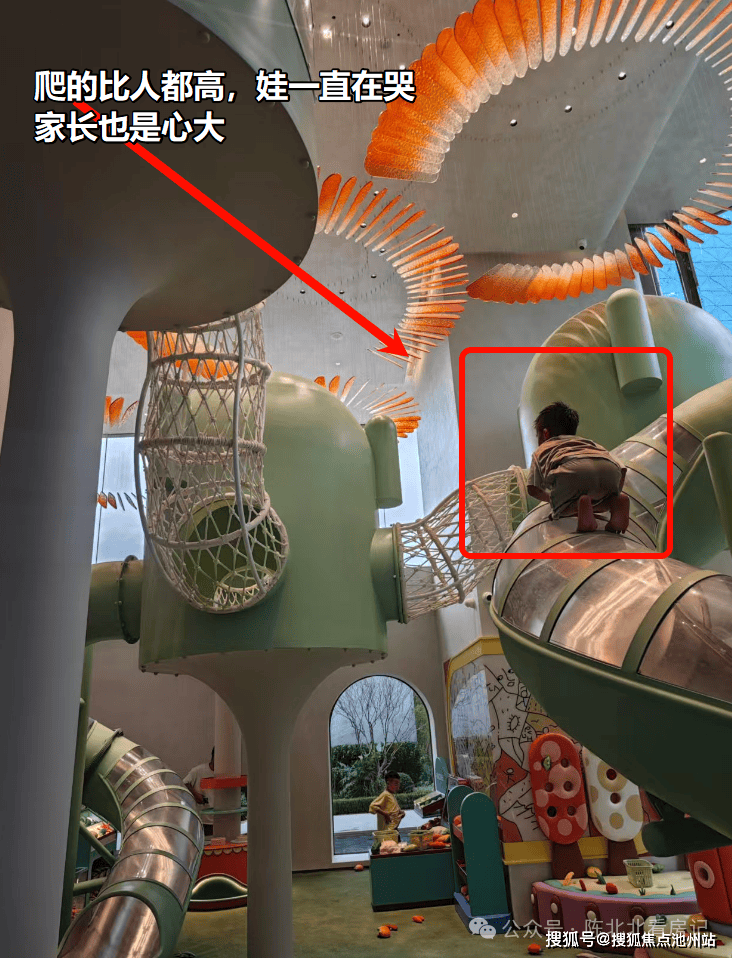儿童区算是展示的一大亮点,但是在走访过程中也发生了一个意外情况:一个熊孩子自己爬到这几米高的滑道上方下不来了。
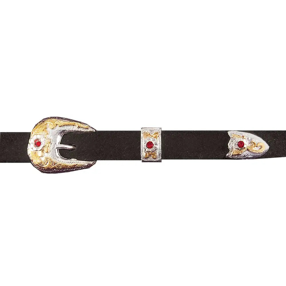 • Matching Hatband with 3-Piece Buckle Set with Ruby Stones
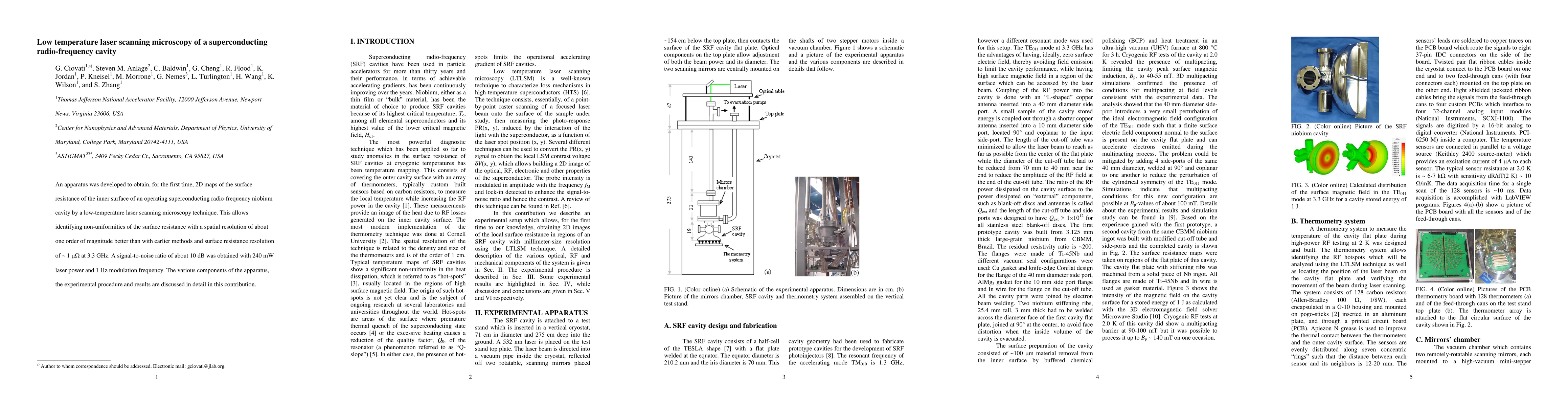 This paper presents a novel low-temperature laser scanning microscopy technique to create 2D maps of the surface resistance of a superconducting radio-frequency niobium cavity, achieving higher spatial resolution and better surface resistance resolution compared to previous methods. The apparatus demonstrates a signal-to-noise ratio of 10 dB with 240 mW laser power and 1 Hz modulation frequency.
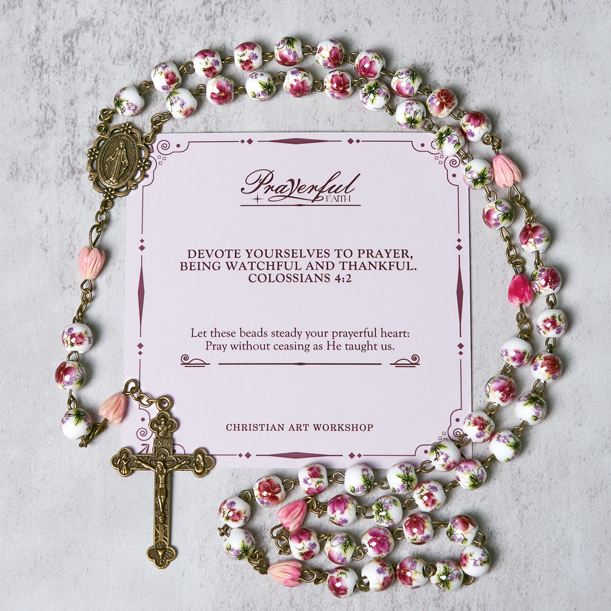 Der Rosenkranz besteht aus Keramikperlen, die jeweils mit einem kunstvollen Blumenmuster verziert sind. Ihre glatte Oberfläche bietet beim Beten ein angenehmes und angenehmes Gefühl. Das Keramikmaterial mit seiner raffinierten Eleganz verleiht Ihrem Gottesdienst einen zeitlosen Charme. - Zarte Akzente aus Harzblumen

· · · ·

### Work request
Take the lines from the start of the material to the line with "with Ruby Stones", both included, and transcribe them exactly without the pictures.

### Solution to this task
儿童区算是展示的一大亮点,但是在走访过程中也发生了一个意外情况:一个熊孩子自己爬到这几米高的滑道上方下不来了。
 • Matching Hatband with 3-Piece Buckle Set with Ruby Stones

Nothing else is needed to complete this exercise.